Tennessee Pavement Markings
Besides Tennessee road signs and signals, there are also pavement markings you should be aware of.
Pavement markings help indicate the rules of the road, such as passing and driving directions.
Broken white lines are for traffic flowing in the same direction. This gives you the all-clear to pass.
Broken yellow lines signify a two-way road. Here, passing is allowed — after you confirm no other vehicle is coming in your direction.
Solid yellow lines and broken yellow lines indicate passing restrictions.
You won’t be able to pass if the solid yellow line is on your side. If the broken line is on your side, then passing is allowed when safe to do so.
Two solid yellow lines prevent passing from both sides. You may only pass when the line has broken up on your side.
HOV lanes have a diamond in the center. This comes into play during times of heavy traffic, where only large vehicles (such as buses and trucks) are allowed to use it.
Two Rs with an X in the middle signifies a railroad crossing.
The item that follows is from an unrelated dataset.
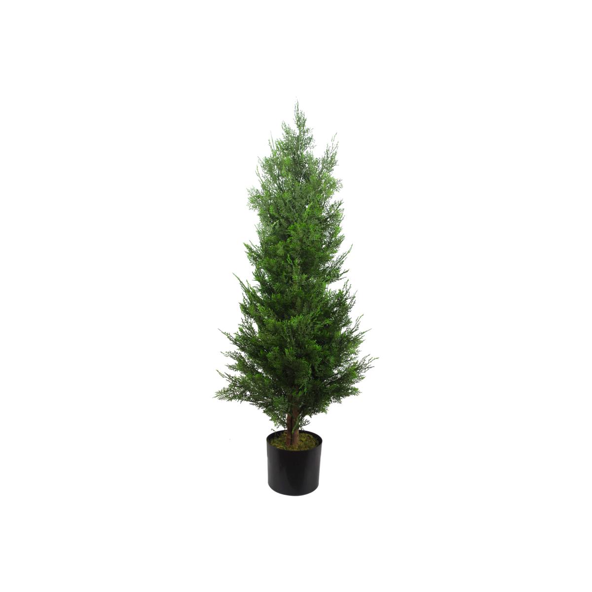 Ultra realistic natural looking artificial tree. Our artificial cedar trees have ultra realistic foliage- real wood trunks and they are certainly easy to mistake for the real thing. These look fantastic when placed inside a large tub or planter and are suitable for use both indoors and outdoors. Natural bushy shape. These artificial cedar trees are available in a range of sizes. This tree can be used indoors or outdoors in a sheltered spot. We recommend protecting from extremes of temperature to extend life. Stems are wired so this can be arranged to fit your space perfectly. It is highly realistic with botanically accurate foliage. Our fake cedar trees look very realistic even down to the slightly lighter green tips of the leaves. It comes potted in a plain plastic pot and is ready to display. You can easily put this inside a larger planter if you wish.

You should stop or slow down to observe any passing trains.
Stop lines or crosswalks signify where cars should come to a stop, to prevent spilling over into the crosswalk when pedestrians are moving.
ONLY turn arrows signify that the lane is only for vehicles looking to move in the direction of the arrow, whether to turn right or left.
So there you have it — a complete guide to the Tennessee road signs.
Many of the signs up above are easy to remember, being pretty self-explanatory.
But if you’re not sure of the meaning, you can check its shape and color to have an idea of what type of sign it is.
From there, you can get a good idea of what the signs mean.
And when you understand what the sign means, make sure you obey it.
This will make you the best and safest driver.